_EXERCISE DESCRIPTION_
Below are some records. Retype exactly the lines from the one containing "有球迷在哈登评论区晒出一张哈" through the one containing "19日凌晨,尚在睡夢中的阿諾", both included, skipping every picture.

_TASK INPUT_
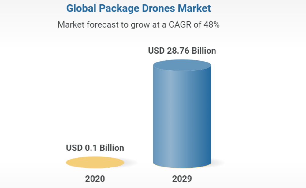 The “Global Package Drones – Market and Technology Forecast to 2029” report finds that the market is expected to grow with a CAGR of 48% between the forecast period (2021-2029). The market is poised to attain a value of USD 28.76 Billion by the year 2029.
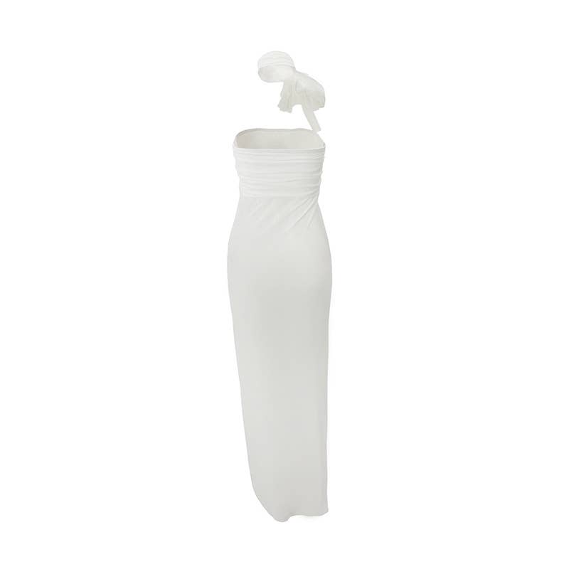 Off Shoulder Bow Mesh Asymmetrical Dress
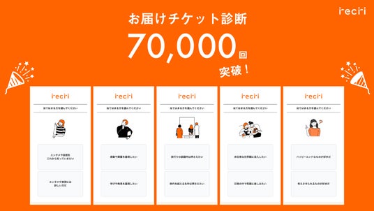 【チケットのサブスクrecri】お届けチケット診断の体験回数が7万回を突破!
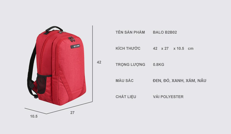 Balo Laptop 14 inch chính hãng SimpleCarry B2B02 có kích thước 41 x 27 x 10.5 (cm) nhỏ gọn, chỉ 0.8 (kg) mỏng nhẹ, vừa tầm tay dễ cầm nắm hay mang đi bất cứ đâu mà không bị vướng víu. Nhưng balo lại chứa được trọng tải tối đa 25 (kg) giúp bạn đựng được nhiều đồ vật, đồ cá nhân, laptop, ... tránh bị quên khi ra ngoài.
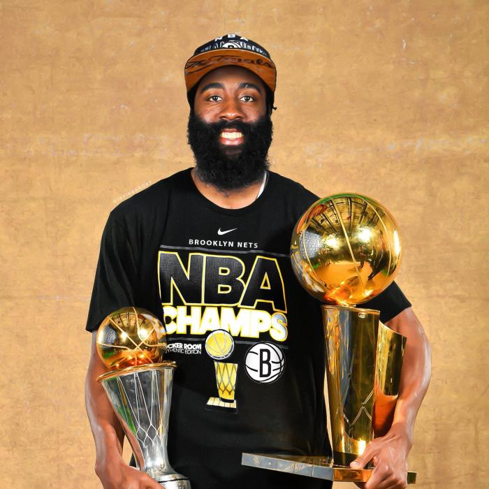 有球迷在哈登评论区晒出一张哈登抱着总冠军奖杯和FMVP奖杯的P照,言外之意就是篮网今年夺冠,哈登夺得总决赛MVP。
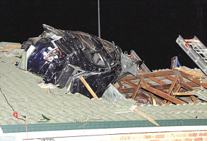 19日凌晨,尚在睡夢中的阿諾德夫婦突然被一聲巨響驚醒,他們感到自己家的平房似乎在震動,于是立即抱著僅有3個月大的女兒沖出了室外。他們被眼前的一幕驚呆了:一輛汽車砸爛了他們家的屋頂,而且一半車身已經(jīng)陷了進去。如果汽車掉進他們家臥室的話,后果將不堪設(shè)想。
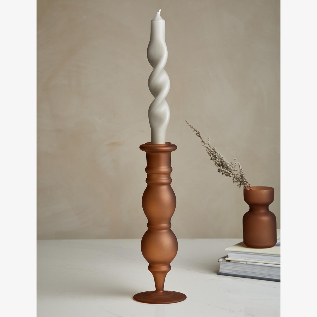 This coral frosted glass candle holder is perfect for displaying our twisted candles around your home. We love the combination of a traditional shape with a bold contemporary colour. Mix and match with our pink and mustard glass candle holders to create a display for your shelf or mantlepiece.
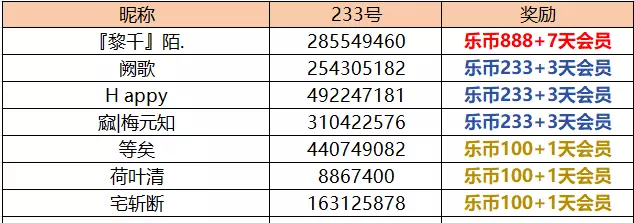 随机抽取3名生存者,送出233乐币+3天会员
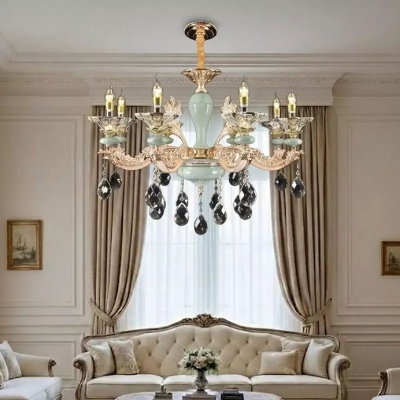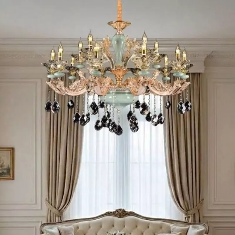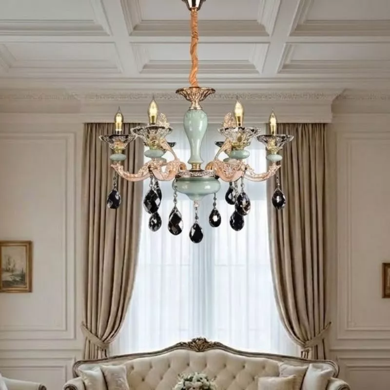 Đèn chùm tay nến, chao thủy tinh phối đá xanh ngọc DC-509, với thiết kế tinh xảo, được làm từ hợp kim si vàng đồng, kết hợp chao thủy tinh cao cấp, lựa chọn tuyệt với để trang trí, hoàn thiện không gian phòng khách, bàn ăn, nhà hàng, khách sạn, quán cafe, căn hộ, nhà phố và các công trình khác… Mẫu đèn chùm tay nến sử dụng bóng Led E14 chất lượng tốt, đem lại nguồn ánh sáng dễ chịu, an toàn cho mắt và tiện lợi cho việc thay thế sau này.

_SOLUTION TO THIS PROBLEM_
 有球迷在哈登评论区晒出一张哈登抱着总冠军奖杯和FMVP奖杯的P照,言外之意就是篮网今年夺冠,哈登夺得总决赛MVP。
 19日凌晨,尚在睡夢中的阿諾德夫婦突然被一聲巨響驚醒,他們感到自己家的平房似乎在震動,于是立即抱著僅有3個月大的女兒沖出了室外。他們被眼前的一幕驚呆了:一輛汽車砸爛了他們家的屋頂,而且一半車身已經(jīng)陷了進去。如果汽車掉進他們家臥室的話,后果將不堪設(shè)想。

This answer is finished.